During November and December 2002, an archaeological survey was carried out in Somaliland by a French team of researchers. The expedition's objective was to search for rock shelters and caves that contained archaeological sediments and infills in order to document the historical period when production economy appeared in this part of the Horn of Africa (circa 5,000 to 2,000  years BCE). During the course of the survey, the excavation team discovered the Laas Geel cave paintings, that encompass an area of ten rock alcoves (caves). In an excellent state of preservation, the rock art depicts wild animals and decorated cattle (cows and bulls).
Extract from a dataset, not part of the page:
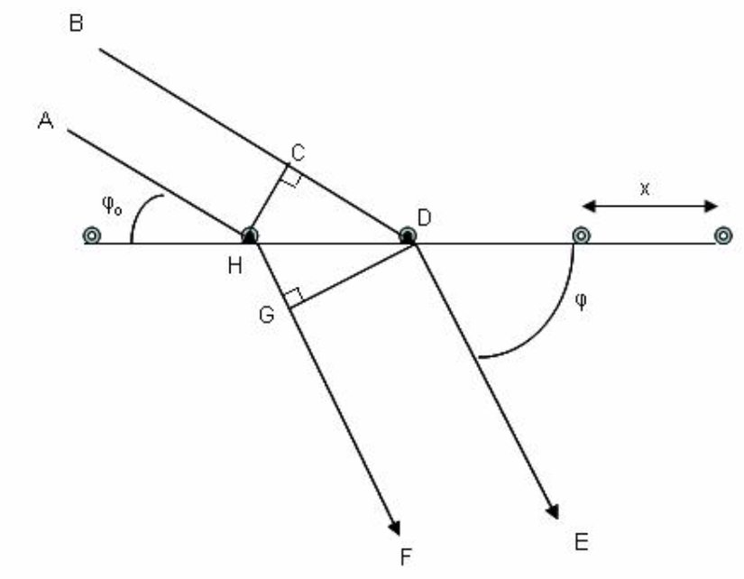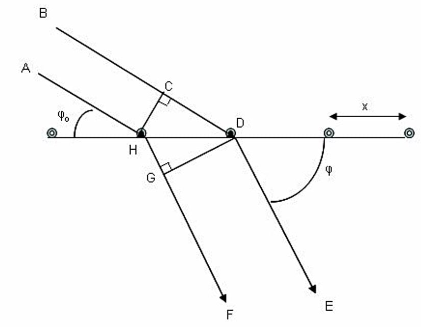 Üstteki şekilde, iki paralel dalga, BD ve AH, theta açısıyla bir eğime çarpıyor. Gelen BD dalgası, eğime ulaşmadan önce AH'den CD kadar daha uzağa gider. Saçılan HF dalgası, DE'den HG mesafesi kadar daha fazla hareket eder. Yani AHGF ve BCDE yolu arasındaki toplam yol farkı CD−HGCD - HG'dir. Yapıcı girişim yoluyla yaratılan yüksek yoğunluklu bir dalgayı gözlemlemek için, CD−HGCD - HG farkı, φ\varphi açısında gözlemlenecek tam sayıda dalga boyuna eşit olmalıdır; yani: CD−HG=nλCD-HG=nλ. Burada λ\lambda, ışığın dalga boyudur. Bazı temel trigonometrik özellikler uygulanarak, çizgiler hakkında şu iki denklem gösterilebilir:

They also feature herders, who are believed to be the creators of the paintings. Laas Geel's rock art is executed in the same distinctive Ethiopian-Arabian style as the Dhambalin and Karinhegane cave paintings that are also situated in Somaliland.

Although the Laas Geel rock art had been known to the area's inhabitants for centuries, its existence only came to international attention after the 2002 discovery. In November 2003, a mission returned to Laas Geel and a team of experts undertook a detailed study of the paintings in their prehistoric context.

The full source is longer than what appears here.